Interpreting “effect sizes” is one of the trickier checkpoints on the road between research and policy. Effect sizes, put simply, are statistics measuring the size of the association between two variables of interest, often controlling for other variables that may influence that relationship. For example, a research study may report that participating in a tutoring program was associated with a 0.10 standard deviation increase in math test scores, even controlling for other factors, such as student poverty, grade level, etc.

But what does that mean, exactly? Is 0.10 standard deviations a large effect or a small effect? This is not a simple question, even for trained researchers, and answering it inevitably entails a great deal of subjective human judgment. Matthew Kraft has an excellent little working paper that pulls together some general guidelines and a proposed framework for interpreting effect sizes in education. 

Before discussing the paper, though, we need to mention what may be one of the biggest problems with the interpretation of effect sizes in education policy debates: They are often ignored completely.

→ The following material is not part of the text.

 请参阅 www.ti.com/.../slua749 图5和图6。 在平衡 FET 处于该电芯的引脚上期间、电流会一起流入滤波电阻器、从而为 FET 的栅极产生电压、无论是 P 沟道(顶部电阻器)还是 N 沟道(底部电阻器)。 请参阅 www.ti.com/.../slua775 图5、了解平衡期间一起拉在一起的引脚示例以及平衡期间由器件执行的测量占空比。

Studies that find a statistically significant positive effect of a given policy are usually touted by advocates as evidence of that policy “working,” with little or no regard for the magnitude of that effect. This matters because the estimated effect sizes in these studies are sometimes so small as to be educationally meaningless. In other words, "statistically significant effects" aren't always educationally significant. (Conversely, even non-significant results might still be worth looking at, especially when samples are small, but that's a different story.)

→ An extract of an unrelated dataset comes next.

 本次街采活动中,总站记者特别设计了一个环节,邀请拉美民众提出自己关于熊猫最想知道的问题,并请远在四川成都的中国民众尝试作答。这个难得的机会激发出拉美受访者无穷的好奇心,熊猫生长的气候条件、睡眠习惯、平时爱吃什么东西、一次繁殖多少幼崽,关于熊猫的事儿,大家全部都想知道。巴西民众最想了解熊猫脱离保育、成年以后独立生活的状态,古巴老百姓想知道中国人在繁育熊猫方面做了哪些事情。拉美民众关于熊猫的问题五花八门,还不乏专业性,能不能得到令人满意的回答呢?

Now, back to the Kraft paper. He presents five general guidelines for interpreting effect sizes, which I discuss very briefly in turn (I’ve skipped a lot of detail here, so I recommend that you read the paper if you're interested in the full discussion).

One – estimated “effects” aren’t always – or even often – effects per se. In short, when you’re interpreting an “effect size,” the first step is to evaluate whether it’s just an association or a causal effect per se. This is a version of the standard “correlation is not causation” caveat. The term “effect” implies causality, but it’s a technical term, and not all research designs are appropriate for causal conclusions (this paper is a pretty good primer; if you know of others, please do leave them in the comments). This is not to say that correlational “effects” can’t tell you anything, but they are best interpreted as suggestive evidence of a causal relationship, and their magnitudes should be regarded with extreme caution. 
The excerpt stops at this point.